-- Record extracts follows --
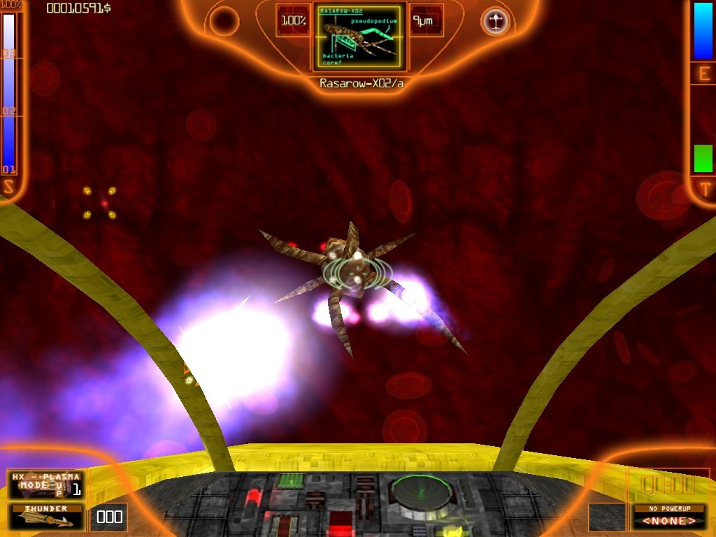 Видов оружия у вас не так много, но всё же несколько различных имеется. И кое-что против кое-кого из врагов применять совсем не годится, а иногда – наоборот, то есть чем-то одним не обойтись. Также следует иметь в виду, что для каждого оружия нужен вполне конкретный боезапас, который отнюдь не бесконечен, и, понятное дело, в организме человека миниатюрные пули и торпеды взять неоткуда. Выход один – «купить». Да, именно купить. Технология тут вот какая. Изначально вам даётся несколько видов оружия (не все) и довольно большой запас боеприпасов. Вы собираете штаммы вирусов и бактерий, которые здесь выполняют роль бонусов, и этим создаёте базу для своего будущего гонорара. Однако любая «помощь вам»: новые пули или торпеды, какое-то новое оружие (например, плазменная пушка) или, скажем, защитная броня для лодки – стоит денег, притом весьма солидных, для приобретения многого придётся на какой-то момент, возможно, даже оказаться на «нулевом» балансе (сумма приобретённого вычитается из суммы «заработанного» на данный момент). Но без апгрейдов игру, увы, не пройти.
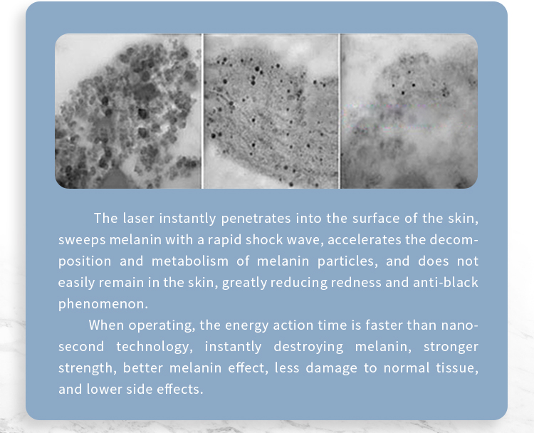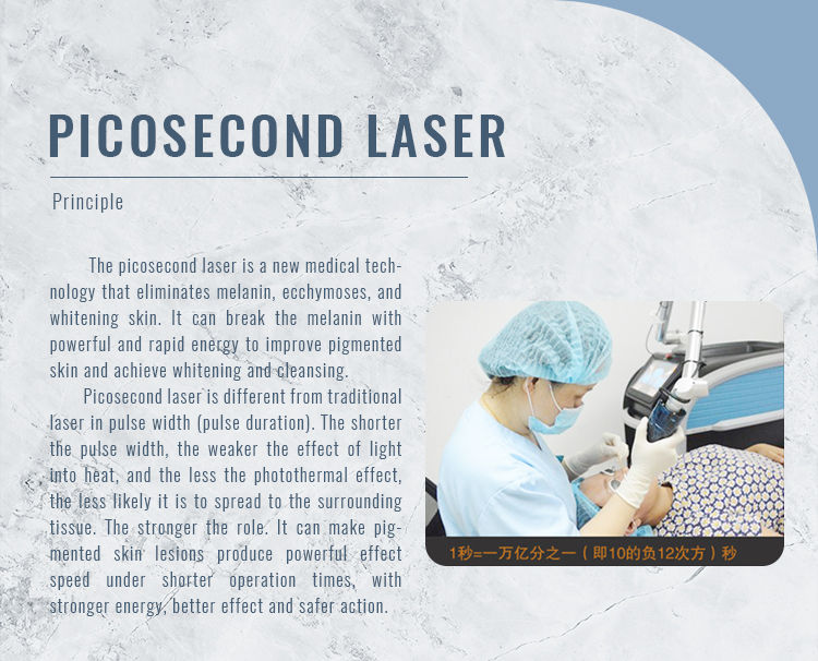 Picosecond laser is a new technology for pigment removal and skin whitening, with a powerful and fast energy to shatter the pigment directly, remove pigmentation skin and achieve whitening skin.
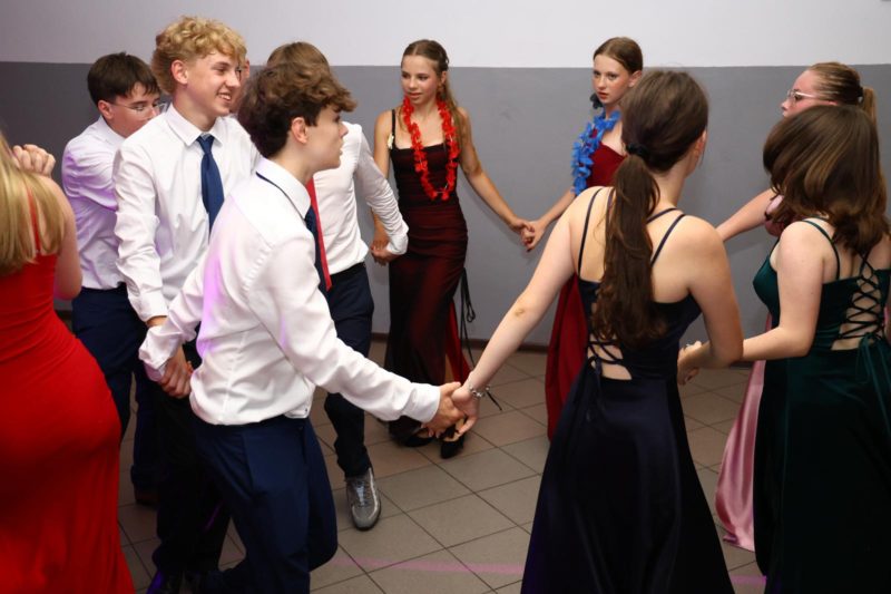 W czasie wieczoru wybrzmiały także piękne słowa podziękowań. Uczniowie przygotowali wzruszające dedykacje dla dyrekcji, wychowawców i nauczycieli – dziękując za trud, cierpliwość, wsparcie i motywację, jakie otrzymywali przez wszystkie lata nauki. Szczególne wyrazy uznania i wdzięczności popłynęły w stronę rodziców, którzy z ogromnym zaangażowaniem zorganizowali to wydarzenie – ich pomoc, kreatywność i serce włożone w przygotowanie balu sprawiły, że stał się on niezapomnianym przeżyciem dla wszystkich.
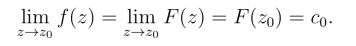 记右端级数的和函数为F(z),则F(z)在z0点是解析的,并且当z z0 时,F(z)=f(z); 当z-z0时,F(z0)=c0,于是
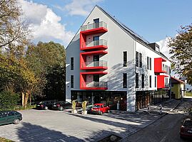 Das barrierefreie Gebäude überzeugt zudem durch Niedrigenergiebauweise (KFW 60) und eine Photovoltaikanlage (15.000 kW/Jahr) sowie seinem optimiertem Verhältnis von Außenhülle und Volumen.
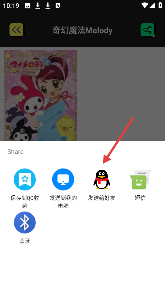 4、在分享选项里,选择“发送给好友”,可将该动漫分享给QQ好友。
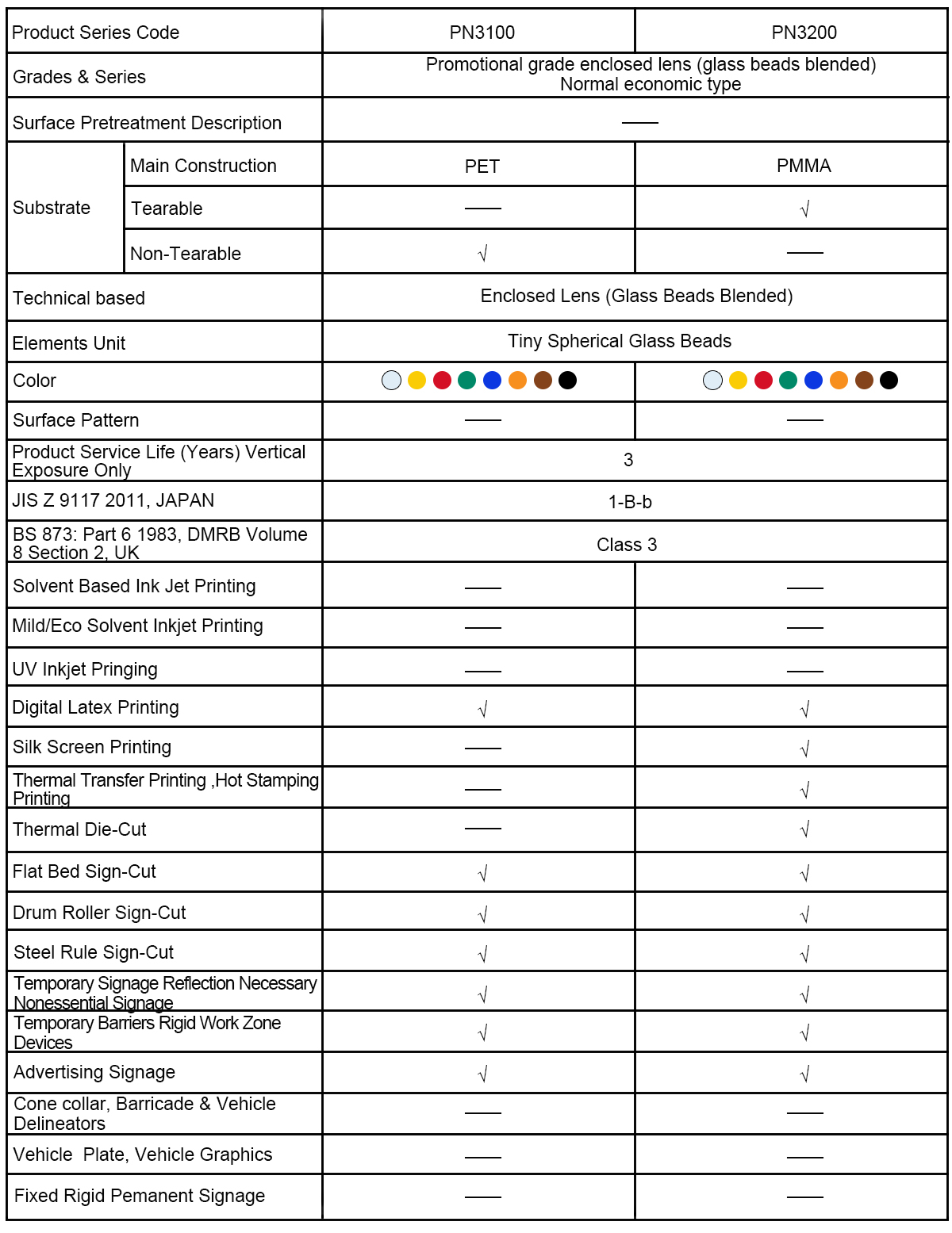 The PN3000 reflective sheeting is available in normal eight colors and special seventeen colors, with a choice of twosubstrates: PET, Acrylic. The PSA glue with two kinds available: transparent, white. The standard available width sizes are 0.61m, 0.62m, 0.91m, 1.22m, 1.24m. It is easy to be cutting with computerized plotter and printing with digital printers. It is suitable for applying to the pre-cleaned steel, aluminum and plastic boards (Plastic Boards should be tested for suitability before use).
-- Record extracts concluded --
-- Record extracts follows --
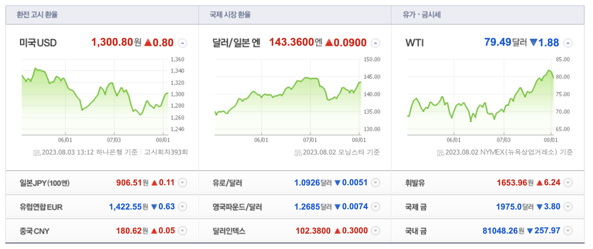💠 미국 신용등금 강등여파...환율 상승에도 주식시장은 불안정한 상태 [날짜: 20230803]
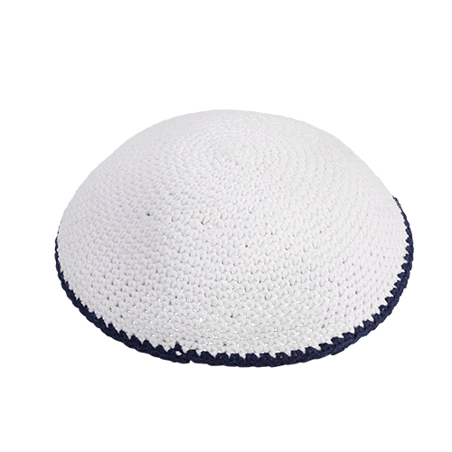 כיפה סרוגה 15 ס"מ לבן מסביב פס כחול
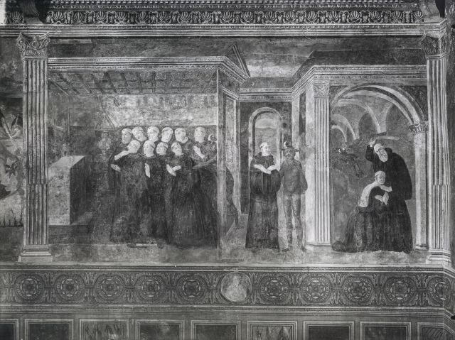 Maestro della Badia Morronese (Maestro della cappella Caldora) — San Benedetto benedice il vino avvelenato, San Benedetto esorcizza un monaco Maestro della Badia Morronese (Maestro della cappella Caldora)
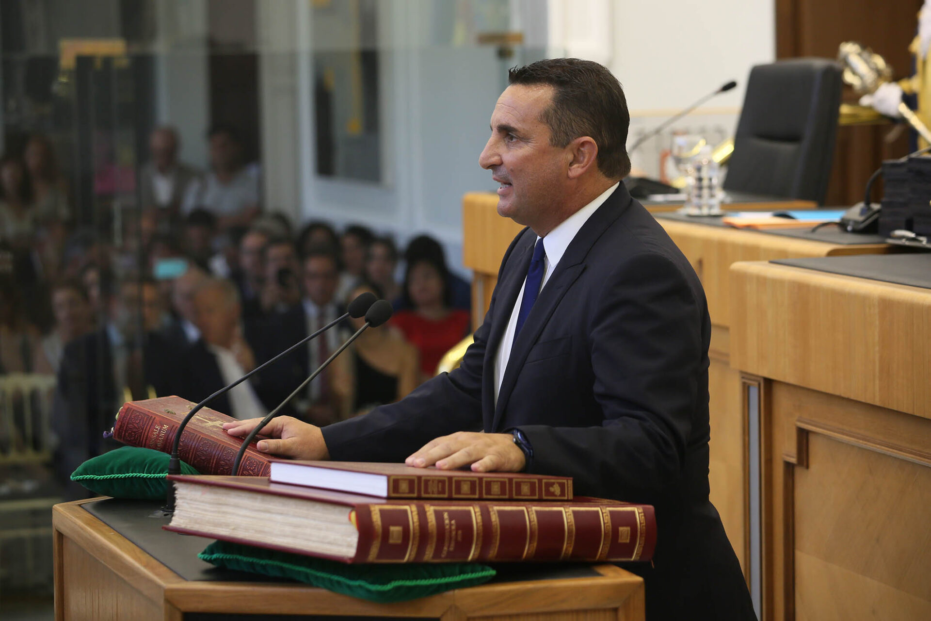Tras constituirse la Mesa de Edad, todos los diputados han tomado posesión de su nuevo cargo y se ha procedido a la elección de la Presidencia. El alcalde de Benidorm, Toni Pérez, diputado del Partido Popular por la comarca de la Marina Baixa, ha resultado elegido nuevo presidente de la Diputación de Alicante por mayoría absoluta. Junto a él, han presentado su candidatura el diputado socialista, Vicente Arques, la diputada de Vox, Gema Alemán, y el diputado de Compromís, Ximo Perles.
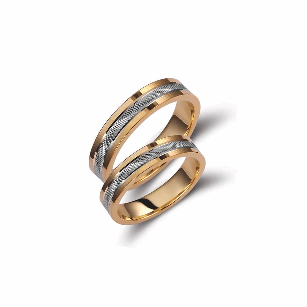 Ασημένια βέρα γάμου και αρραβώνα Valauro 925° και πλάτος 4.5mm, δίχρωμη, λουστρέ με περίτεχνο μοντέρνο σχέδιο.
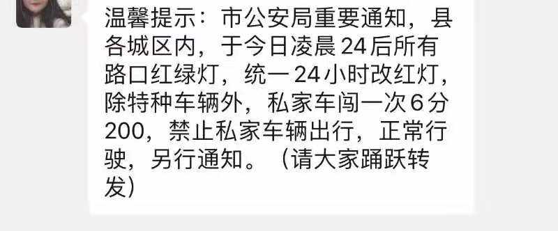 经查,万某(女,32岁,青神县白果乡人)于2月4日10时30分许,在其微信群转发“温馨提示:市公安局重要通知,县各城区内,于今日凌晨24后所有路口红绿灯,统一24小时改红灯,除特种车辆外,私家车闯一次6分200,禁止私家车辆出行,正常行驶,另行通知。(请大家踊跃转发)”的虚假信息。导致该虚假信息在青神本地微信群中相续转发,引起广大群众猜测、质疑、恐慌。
-- Record extracts concluded --
# Assignment
Only the lines starting at the one with "记右端级数的和函数为F(z),则F(z)在z0点是解析的,并且当z z0 时,F(z)=f(z);" and ending at the one with "The PN3000 reflective" should be printed, each exactly as it appears in the material above; the pictures are to be omitted.

# Answer space
 记右端级数的和函数为F(z),则F(z)在z0点是解析的,并且当z z0 时,F(z)=f(z); 当z-z0时,F(z0)=c0,于是
 Das barrierefreie Gebäude überzeugt zudem durch Niedrigenergiebauweise (KFW 60) und eine Photovoltaikanlage (15.000 kW/Jahr) sowie seinem optimiertem Verhältnis von Außenhülle und Volumen.
 4、在分享选项里,选择“发送给好友”,可将该动漫分享给QQ好友。
 The PN3000 reflective sheeting is available in normal eight colors and special seventeen colors, with a choice of twosubstrates: PET, Acrylic. The PSA glue with two kinds available: transparent, white. The standard available width sizes are 0.61m, 0.62m, 0.91m, 1.22m, 1.24m. It is easy to be cutting with computerized plotter and printing with digital printers. It is suitable for applying to the pre-cleaned steel, aluminum and plastic boards (Plastic Boards should be tested for suitability before use).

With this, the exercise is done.